When "A Better LA" took on the challenge of keeping kids safe in some of the toughest neighborhoods in Los Angeles, we looked for guys like Gary.
Gary has been through some sh*t. He grew up in an abusive home. He lived in a neighborhood where violence was a daily occurrence. It wasn't long before Gary began acting out and leading others to create chaos in his neighborhood. Gary eventually turned his life around, about the time in 2006 when one of his favorite neighborhood kids named Nikko was murdered in the local park. An older gang member randomly chose Nikko as a lesson for younger members in how to murder. Gary knew then that it was time to make a change. He dedicated his life to keeping kids safe and full of hope, to never losing another kid like Nikko.
Despite spending billions on law enforcement, we have learned that police just can't be everywhere to prevent violence. We are huge fans of, and partners with, the Sheriff's Department and LAPD. They need our help. Thousands of parents in our great city still worry every day as they watch their children walk out the door. In one South LA neighborhood alone, there were 34 murders and hundreds of aggravated assaults. In one year! That means violent crime happens every day and a murder happens every week and a half. A survey from the same neighborhood a few years ago showed that many kids drop out of school by 6th grade because of fear related to just getting to school. Among 6th grade students, over 50% reported seeing someone killed or beaten in their neighborhood. Imagine being a parent or child who faces that reality every day.
This is not a problem happening in some distant land. It is happening here, in forgotten communities in America -- in our own front yards. How did we let any of our communities get to a state where our own kids are not safe? It is unacceptable beyond words.
So, we turned to Gary (and others like him) for help. He is a natural leader. Just as people followed him to do negative things, people now follow him to do positive things. He lives in the middle of the kids we are trying to help and has the time and desire to be at the school, in the park or on the streets protecting our kids from violence every day. Training, funding and other resources make his effort sustainable, not some band-aid solution. And imagine being a kid walking to school and being threatened with your life. Who would you want to see on the corner protecting you? A traditional crossing guard? I'd pick Gary.

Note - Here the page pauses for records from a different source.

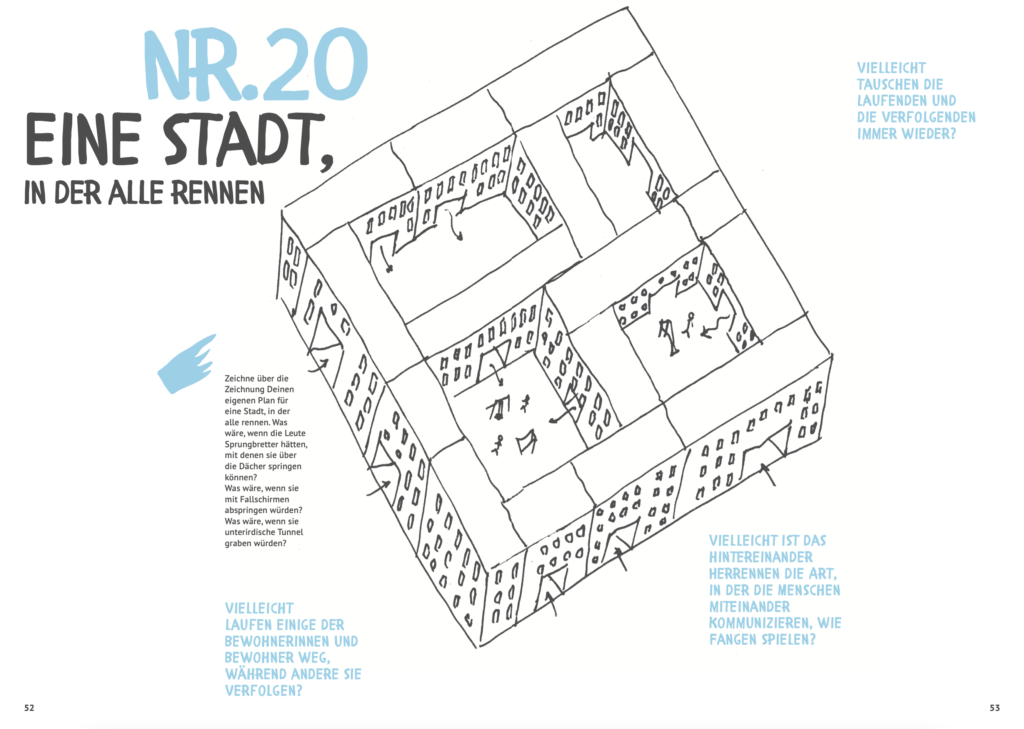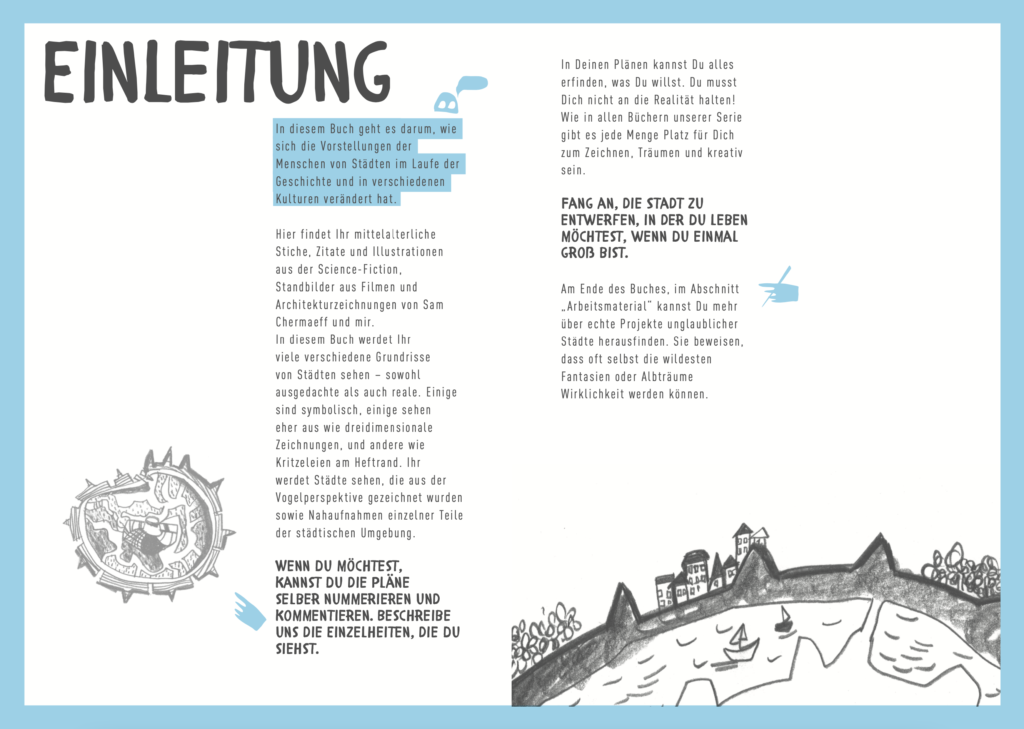 Wie haben sich die Vorstellungen der Menschen von Städten im Laufe der Geschichte und in verschiedenen Kulturen verändert? Das Kinderbuch – das übrigens auch für Erwachsene spannend ist – entführt in 30 historische oder erfundene Städte und lädt kleine und große Kinder dazu ein, deren Gestalt und Regeln weiter zu entwickeln. Neben mittelalterlichen Stichen, Zitaten und Illustrationen aus der Science-Fiction können Standbilder aus Filmen und Architekturzeichnungen von Sam Chermaeff und Nika Dubrovsky entdeckt werden. Konzipiert als Mitmachbuch, in dem gemalt, gezeichnet und geschrieben werden kann, zeigt die Neuerscheinung nicht nur die Vielfalt städtischer Lebensweisen im Laufe der Geschichte und in verschiedenen Kulturen. Es regt auch dazu an, gemeinsam Ideen und Pläne zu entwickeln, wie städtisches Leben gerechter, schöner und inklusiver gestaltet werden kann.
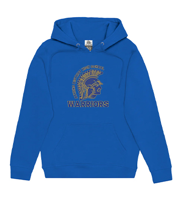 Adult Varsity Hooded Sweatshirt 50% Cotton /50% polyester preshrunk 13.5 oz. Double-lined hood. Drawstring at neckline. Front pouch pocket. Hand positioned Tackle Twill with large format embroidery. No detail spared with over 40,000 stitches. Premium stitch count decoration techniques applied.
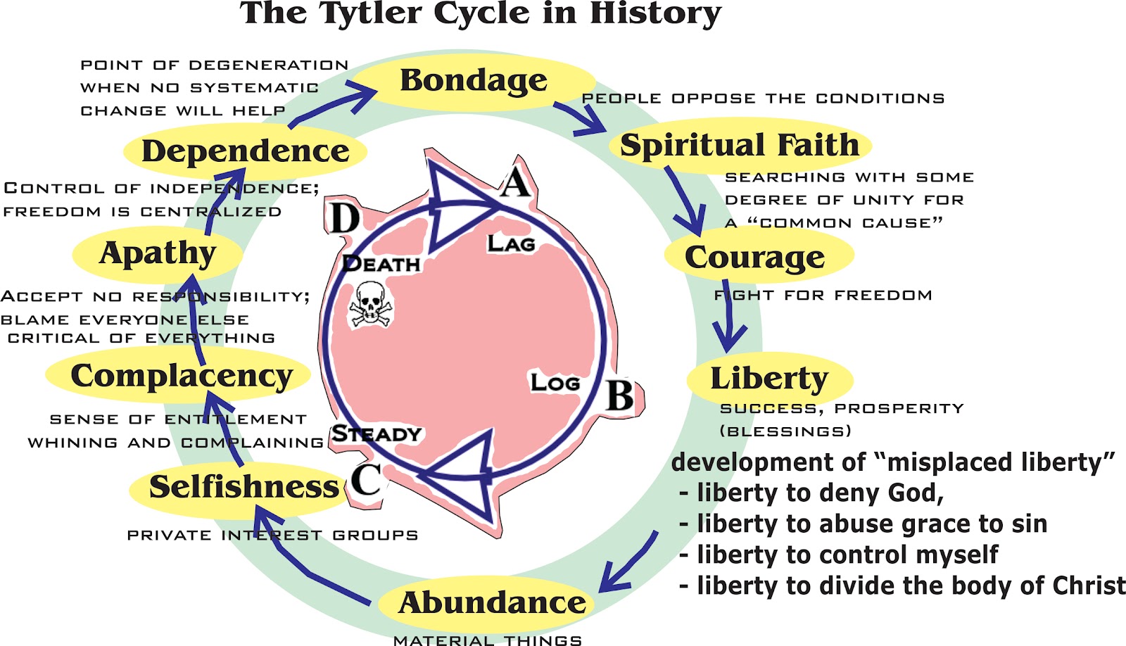 You may be familiar with the Tytler Cycle of Democracies posited by Alexander Fraser Tytler, Scotsman, scholar, lawyer, judge, university professor, and a Believer in Jesus Christ.

We have seen this simple strategy work over and over again. In areas targeted by A Better LA's outreach workers, homicides are down 60%, 22%, 69% and 72% respectively. Aggravated assaults in Gary's areas went down 43% last year. In the last few years, workers, along with law enforcement, have saved dozens of lives.

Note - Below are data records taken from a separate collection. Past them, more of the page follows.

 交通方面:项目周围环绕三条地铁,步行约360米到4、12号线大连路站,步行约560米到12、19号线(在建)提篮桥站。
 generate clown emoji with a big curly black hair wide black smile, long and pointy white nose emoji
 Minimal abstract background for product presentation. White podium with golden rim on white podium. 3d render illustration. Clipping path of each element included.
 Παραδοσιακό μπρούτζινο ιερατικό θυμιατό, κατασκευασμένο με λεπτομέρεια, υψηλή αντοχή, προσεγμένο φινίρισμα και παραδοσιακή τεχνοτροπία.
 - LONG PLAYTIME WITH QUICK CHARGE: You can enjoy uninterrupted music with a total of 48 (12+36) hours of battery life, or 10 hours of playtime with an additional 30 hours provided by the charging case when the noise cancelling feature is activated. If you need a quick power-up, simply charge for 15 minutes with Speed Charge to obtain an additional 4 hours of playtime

For the first time in years, kids are coming out of isolation and fear and engaging in positive activities. They are walking to school safely and playing in parks that used to be wastelands. And at every turn, someone like Gary is patrolling the school, coaching football at the park, teaching life skills at the community center, referring them to social services and talking about hope, dreams and a new normal of healthy living.
It's as if the simple act of believing in Gary has ignited a cycle of hope -- kids who used to feel under siege or thrown away now feel that they too have the opportunity to pursue their goals and dreams without fear. With each successful experience of safety and hope, more and more kids start to believe, which in turn inspires more people like Gary to step up and lead. It is an awesome domino effect.
We recently launched a campaign to raise critical funds to train and sustain outreach workers like Gary. The average salary for an outreach worker is $32,000. One worker keeps hundreds of kids safe every day. That breaks down to less than $4 per day to keep a kid safe.
We need your help. Please donate any amount at A Better LA's website, and help us ignite new cycles of hope for our kids.
And when we say "our kids," we don't just mean kids in South LA. Our vision is to spread this model. People have called us from all over the country to inquire about how to duplicate this effort. Your donation helps us make A Better LA, and helps build capacity to ignite hope wherever it is needed.